La fragmentación de la representación política parece ser un signo de nuestros tiempos; es producto del hartazgo frente a las élites políticas tradicionales que se han apoderado de los cargos públicos, que subordinan la responsabilidad política a sus intereses de corto plazo y que con frecuencia se les identifica con escandalosos actos de corrupción. Esta circunstancia no es exclusiva de democracias emergentes, como las nuestras en América Latina, sino que ya la observamos en las más estables, como en Estados Unidos.

Como siempre, la sociedad resulta más sabia que los políticos; aprecia la responsabilidad y toma distancia frente a quienes privilegian sus cálculos personales y de grupo. Encuestas, después de la fallida investidura, muestran que el líder mejor evaluado es Pedro Sánchez del PSOE (28% de aprobación) por haberse lanzado a buscar la investidura y Rivera de Ciudadanos que fue el único que aceptó negociar y aprobar cerca de 200 medidas y reformas con el PSOE con miras a formar gobierno. El peor evaluado fue Pablo Iglesias de Podemos (13% de aprobación), además de que la mitad de sus propios electores desaprueba que no respaldara la investidura de Sánchez (Metroscopía, 5-03-2016).

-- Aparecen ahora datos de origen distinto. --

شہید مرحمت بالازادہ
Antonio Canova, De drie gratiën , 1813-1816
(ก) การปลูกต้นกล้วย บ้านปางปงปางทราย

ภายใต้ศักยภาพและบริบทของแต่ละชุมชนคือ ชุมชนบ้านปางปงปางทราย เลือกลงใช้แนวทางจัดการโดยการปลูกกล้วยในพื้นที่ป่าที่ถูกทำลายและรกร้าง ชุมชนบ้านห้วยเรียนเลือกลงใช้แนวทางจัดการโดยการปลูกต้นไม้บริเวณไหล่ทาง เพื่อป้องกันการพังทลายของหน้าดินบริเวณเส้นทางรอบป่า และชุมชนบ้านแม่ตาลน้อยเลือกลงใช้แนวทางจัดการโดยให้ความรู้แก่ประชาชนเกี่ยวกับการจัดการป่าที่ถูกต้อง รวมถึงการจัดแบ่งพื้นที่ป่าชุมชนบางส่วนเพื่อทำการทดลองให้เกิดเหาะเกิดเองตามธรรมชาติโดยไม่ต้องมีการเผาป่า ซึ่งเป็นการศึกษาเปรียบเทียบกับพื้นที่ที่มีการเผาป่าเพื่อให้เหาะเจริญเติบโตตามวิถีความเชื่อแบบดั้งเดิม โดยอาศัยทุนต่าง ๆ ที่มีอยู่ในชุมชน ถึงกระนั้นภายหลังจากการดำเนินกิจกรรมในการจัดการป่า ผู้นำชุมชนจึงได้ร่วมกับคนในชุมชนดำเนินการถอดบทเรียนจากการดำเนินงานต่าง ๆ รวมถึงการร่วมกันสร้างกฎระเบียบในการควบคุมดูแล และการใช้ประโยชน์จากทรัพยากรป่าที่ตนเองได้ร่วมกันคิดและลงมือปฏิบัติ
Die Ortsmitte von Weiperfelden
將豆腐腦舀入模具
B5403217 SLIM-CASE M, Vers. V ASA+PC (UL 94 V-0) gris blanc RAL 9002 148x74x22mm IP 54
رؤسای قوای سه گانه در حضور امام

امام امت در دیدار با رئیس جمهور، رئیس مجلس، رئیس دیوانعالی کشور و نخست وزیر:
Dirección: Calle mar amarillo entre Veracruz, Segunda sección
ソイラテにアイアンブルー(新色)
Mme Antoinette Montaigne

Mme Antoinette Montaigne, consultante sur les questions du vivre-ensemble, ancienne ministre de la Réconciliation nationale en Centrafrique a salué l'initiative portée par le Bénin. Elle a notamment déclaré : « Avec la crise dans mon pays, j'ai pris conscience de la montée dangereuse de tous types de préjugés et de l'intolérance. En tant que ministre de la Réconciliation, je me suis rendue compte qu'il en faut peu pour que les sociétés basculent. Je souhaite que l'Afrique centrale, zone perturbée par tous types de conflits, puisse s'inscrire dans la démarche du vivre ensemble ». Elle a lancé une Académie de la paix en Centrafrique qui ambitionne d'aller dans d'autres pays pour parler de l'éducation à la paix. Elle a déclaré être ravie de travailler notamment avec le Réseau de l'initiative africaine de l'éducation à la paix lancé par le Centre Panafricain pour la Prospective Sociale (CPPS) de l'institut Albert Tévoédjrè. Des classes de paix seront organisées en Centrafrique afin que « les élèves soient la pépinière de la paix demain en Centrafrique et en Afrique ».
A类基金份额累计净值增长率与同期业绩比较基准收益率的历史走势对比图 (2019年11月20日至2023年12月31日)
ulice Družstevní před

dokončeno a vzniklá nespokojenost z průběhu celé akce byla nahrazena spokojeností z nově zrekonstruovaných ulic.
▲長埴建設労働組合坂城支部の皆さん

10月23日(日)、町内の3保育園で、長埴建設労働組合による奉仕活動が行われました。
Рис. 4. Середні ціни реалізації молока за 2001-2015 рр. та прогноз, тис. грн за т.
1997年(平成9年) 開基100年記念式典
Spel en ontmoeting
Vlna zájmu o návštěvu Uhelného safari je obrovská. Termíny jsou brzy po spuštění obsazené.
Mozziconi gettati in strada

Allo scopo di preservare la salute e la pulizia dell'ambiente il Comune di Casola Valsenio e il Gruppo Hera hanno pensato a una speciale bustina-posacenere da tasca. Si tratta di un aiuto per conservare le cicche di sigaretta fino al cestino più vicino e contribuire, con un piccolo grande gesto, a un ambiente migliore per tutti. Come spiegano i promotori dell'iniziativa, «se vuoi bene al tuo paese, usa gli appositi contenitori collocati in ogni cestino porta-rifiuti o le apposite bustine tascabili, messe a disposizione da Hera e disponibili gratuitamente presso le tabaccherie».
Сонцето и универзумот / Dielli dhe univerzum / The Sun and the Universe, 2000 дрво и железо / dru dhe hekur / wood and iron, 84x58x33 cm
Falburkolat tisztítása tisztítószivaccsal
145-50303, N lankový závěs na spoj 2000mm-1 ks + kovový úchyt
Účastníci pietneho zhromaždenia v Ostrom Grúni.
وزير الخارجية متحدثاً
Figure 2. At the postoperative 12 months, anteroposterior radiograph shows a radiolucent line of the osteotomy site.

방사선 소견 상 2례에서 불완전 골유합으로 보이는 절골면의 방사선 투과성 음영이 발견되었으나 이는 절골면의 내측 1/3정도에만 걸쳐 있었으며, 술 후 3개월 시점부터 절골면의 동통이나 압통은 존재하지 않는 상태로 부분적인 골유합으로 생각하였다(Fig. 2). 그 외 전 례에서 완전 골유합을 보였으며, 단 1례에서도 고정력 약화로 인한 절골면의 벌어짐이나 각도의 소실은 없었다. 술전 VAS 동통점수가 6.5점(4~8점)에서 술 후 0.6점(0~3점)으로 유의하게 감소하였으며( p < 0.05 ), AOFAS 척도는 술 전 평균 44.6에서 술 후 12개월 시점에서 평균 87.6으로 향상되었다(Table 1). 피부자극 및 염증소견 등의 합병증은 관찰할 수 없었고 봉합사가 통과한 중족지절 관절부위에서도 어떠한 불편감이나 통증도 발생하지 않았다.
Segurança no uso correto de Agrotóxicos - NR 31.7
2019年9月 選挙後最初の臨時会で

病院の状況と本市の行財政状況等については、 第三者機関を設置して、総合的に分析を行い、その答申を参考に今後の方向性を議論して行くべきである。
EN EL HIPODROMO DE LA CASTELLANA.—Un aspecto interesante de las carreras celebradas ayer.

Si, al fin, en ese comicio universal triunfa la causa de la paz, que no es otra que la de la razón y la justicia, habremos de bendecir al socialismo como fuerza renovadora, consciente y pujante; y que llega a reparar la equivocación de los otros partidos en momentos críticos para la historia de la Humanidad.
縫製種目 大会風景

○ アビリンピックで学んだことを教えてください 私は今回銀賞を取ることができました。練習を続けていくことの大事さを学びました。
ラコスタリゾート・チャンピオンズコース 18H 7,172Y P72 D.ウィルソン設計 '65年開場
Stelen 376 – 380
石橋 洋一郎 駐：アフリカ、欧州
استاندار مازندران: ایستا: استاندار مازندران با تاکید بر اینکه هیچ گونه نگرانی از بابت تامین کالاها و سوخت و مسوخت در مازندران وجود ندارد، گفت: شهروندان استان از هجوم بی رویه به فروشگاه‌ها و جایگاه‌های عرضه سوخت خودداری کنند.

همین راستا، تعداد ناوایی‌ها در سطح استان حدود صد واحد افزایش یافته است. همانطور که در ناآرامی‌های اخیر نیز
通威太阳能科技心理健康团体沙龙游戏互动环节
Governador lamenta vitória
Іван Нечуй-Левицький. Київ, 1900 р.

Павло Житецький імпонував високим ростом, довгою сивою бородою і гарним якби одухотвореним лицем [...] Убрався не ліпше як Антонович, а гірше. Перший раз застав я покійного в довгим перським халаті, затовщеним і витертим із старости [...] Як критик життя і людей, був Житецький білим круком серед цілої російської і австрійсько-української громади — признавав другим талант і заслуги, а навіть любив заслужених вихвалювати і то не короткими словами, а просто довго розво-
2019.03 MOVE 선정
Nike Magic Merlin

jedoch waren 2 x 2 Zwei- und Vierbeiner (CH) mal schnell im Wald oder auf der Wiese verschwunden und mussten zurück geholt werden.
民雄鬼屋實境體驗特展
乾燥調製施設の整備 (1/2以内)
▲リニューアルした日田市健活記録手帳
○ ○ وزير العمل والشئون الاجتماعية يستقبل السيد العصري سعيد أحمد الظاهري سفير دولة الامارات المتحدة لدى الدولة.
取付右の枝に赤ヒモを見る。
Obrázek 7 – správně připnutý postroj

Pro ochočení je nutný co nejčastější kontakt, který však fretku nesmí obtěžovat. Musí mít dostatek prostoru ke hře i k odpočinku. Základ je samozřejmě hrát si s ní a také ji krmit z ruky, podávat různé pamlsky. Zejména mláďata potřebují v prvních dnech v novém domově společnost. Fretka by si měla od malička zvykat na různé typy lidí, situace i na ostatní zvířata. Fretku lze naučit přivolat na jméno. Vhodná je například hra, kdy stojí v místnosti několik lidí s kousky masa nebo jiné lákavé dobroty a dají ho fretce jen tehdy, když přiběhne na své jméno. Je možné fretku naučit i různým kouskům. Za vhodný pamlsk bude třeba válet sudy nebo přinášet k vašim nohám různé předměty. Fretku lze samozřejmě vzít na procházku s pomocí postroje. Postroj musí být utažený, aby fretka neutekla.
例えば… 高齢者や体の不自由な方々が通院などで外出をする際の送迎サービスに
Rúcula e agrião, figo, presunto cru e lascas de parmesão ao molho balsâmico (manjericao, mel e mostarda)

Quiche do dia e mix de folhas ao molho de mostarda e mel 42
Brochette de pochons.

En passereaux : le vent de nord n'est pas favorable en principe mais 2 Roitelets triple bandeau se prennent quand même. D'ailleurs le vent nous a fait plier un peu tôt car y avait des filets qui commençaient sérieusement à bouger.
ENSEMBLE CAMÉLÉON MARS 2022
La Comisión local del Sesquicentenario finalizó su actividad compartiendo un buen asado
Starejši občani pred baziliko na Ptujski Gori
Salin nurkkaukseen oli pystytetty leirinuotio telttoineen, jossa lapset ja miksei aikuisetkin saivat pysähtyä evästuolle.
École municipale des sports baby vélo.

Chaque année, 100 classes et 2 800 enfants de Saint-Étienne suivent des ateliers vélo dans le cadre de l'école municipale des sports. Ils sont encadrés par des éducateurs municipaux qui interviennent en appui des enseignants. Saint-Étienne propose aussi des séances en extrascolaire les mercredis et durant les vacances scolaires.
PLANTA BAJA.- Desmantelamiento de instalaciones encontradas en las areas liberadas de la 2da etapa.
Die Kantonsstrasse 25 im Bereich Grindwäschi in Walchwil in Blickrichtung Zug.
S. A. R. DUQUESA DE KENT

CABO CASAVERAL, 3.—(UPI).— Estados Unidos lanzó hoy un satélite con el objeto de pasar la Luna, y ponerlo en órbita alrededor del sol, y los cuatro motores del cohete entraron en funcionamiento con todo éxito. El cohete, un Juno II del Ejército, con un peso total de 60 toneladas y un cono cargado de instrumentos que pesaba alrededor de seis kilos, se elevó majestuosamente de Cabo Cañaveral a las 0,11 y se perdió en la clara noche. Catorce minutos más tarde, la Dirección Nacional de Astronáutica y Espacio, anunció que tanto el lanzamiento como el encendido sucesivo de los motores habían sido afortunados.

Fragmentación e irresponsabilidad políticas son un binomio explosivo cuando de lo que se trata es de armar gobiernos sólidos y legitimados para tomar las riendas del poder en un contexto económicamente crítico como el existente. De cara a la cada vez más frecuente fragmentación de la representación política, no queda sino la obligada responsabilidad de los líderes.